Studebaker died on March 16, 1917. He was buried at the Studebaker family mausoleum at South Bend City Cemetery. His name was added to the Automotive Hall of Fame.

==Success in Ashland Carriage Company==
John Studebaker, one of the founders of the Studebaker Corporation, resided in Ashland, Ohio from 1835 to 1850. He and his family moved from Pennsylvania to Ashland, Ohio in 1835. Upon arrival, they named their new homestead on U.S. Route 250, "Pleasant Ridge," which was his mother's maiden name. John and his two older brothers Henry and Clem helped their father with their family blacksmith and carriage shop at their home. Economic times were tough for 19-year-old John. His dream was to mine for gold and became aware of the gold rush taking place out west. John built a custom carriage and traveled to California, which took five months. Upon arriving in California, he was offered a job as a wagon maker, but turned down the offer to mine for gold. He decided to build wheelbarrows for miners, and sold wheelbarrows for ten dollars each.
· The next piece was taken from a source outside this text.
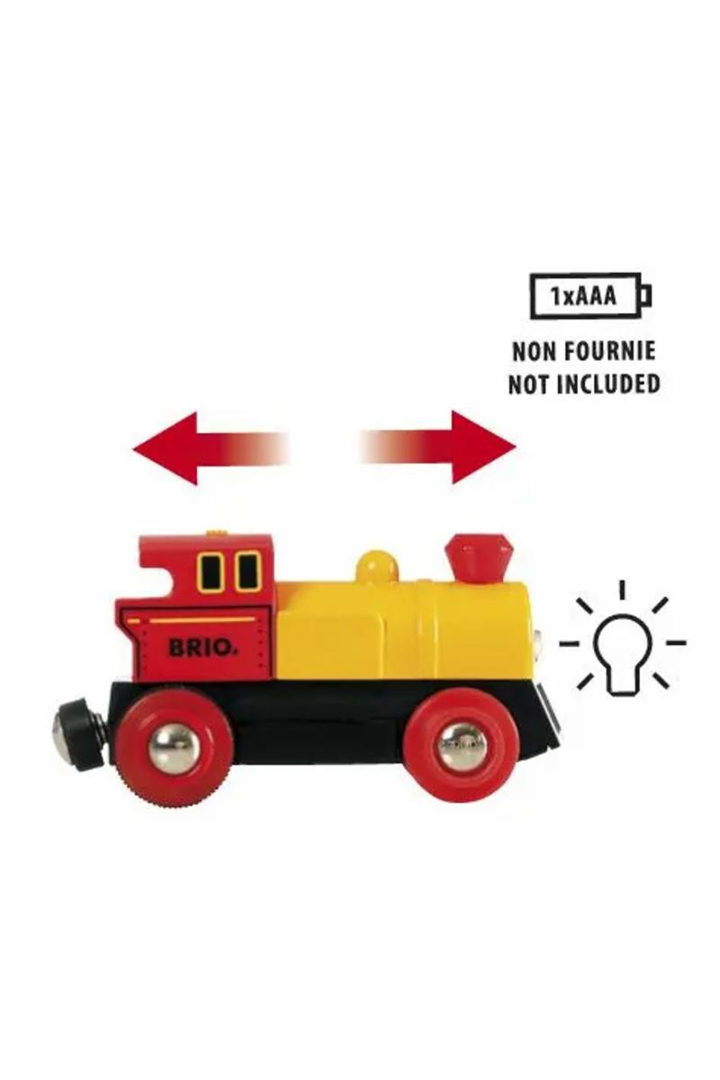Få opp dampen med dette røde, klassiske batteridrevne lokomotivet. Med både forover- og revers-funksjon i tillegg til lysende frontlykter blir dette en gøyal følgesvenn på togbanen

He saved and invested $8,000 in his first company which built carriages. Studebaker's company was the largest producer of horse-drawn vehicles. It was so successful that President Lincoln and General Grant both owned Studebaker carriages.

In the late 1890s the Studebaker Company converted from horse-drawn vehicles to gasoline-propelled automobiles. In the next seven years, the company sold more than 2,481 passenger cars and trucks. The Studebaker Company operated seven plants in South Bend, Detroit, Chicago, and Walkerville, Ontario, with a net profit of $30,126,600. The Studebaker Company merged with Packard in 1954.

In Ashland, Ohio, a bronze plaque honoring Studebaker is on US Route 250 at the site of the family homestead, "Pleasant Ridge".

In 1959 actor Gil Lasky played Studebaker in the episode "Wheelbarrow Johnny" of the syndicated television anthology series, Death Valley Days, hosted by Stanley Andrews. In the story line, Studebaker fails at gold mining because con men take advantage of him. His talent for making wheelbarrows paves the way for a bright future in the transportation industry.